Repeat question 1 to investigate the correlation between gas bill and electricity bill.
xyplot(elecbill~gasbill, data=bills)
The scatterplot looks fairly random with a slight curve. There is a weak curved relationship between gas bill and electricity bill.
cor(elecbill~gasbill, data=bills)
## [1] -0.1866627
The correlation is \(r=-.1867\), which means that there is a very weak negative linear relationship between the gas bill and the electricity bill.
y<-lm(elecbill~gasbill, data=bills)
y
##
## Call:
## lm(formula = elecbill ~ gasbill, data = bills)
##
## Coefficients:
## (Intercept) gasbill
## 82.16380 -0.06593
The equation of the least-squares regression line is \(\hat{y}=-.06583x+82.1638\), where \(x\) is the value of the gas bill.
mplot(y, which=1)
## [[1]]
The residuals seem fairly random, which indicates that the least-squares regression line captures the behavior of the data fairly well.
mplot(y, which=2)
## [[1]]
The Normal quantile plot of the residuals shows a slight curve. This means that inference procedures from Chapter 10 might not be accurate.

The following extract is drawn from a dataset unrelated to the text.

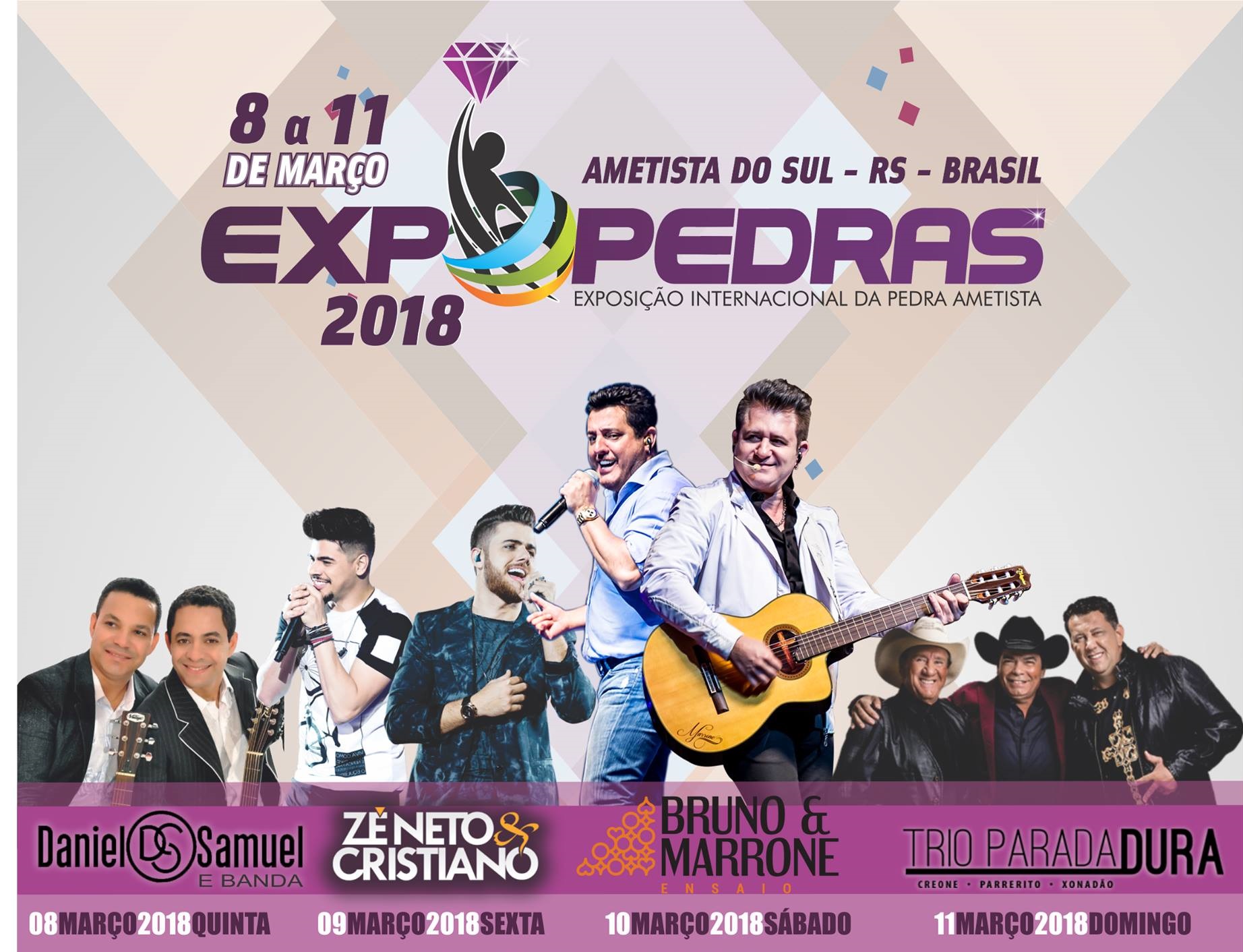 Shows nacionais estão confirmados para a Expopedras 2018, entre as atrações, a dupla Zé Neto e Cristiano, Bruno e Marrone e Trio Parada Dura. No próximo sábado, 16 de dezembro, a partir das 9h, acontece na Praça Central de Ametista do Sul, a comercialização das mesas bistrô e ingressos, da Expopedras 2018.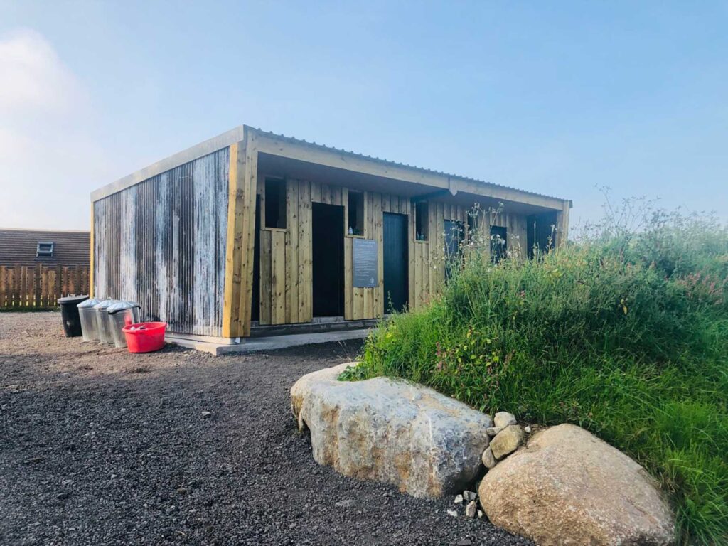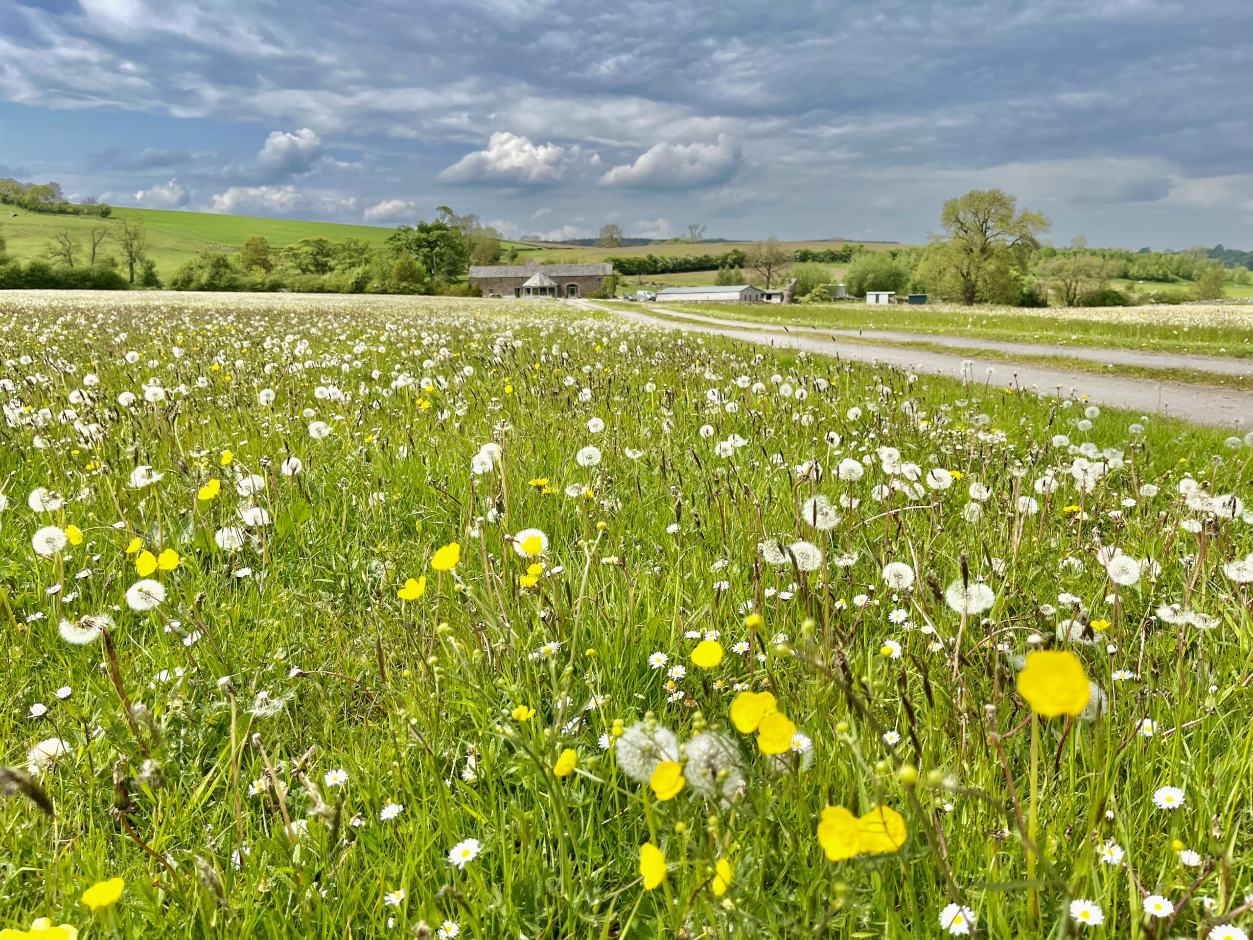 Grass Pitches are adjacent to a hard track. These are just above the camping pods and have lovely views to the west over the meadows and north towards Scotland. Plenty of room for an awning, picnic table, bikes and relaxing. Less than 100 yards to the heated showers/toilets and camp kitchen. The showers and kitchen are off grid. The generator runs for a time mprning and evening.

\(H_0: \rho=0\) (no correlation between gas bill and electricity bill)
\(H_a: \rho\ne0\)
summary(y)
##
## Call:
## lm(formula = elecbill ~ gasbill, data = bills)
##
## Residuals:
## Min 1Q Median 3Q Max
## -41.826 -21.436 1.485 17.151 54.509
##
## Coefficients:
## Estimate Std. Error t value Pr(>|t|)
## (Intercept) 82.16380 3.68504 22.3 <2e-16 ***
## gasbill -0.06593 0.03470 -1.9 0.0603 .
## ---
## Signif. codes: 0 '***' 0.001 '**' 0.01 '*' 0.05 '.' 0.1 ' ' 1
##
## Residual standard error: 23.22 on 100 degrees of freedom
## Multiple R-squared: 0.03484, Adjusted R-squared: 0.02519
## F-statistic: 3.61 on 1 and 100 DF, p-value: 0.06031
The test statistic is \(t=-1.9\), the \(r^2=.03484\), and the the \(P\)-value is \(.06031\). We cannot reject the null hypothesis at the 5% significance level, so the data does not provide enough evidence to conclude that there is a correlation between the gas bill and the electricity bill. The \(r^2\) value indicates that only 3.48% of the variation in the electricity bill is explained by the regression line.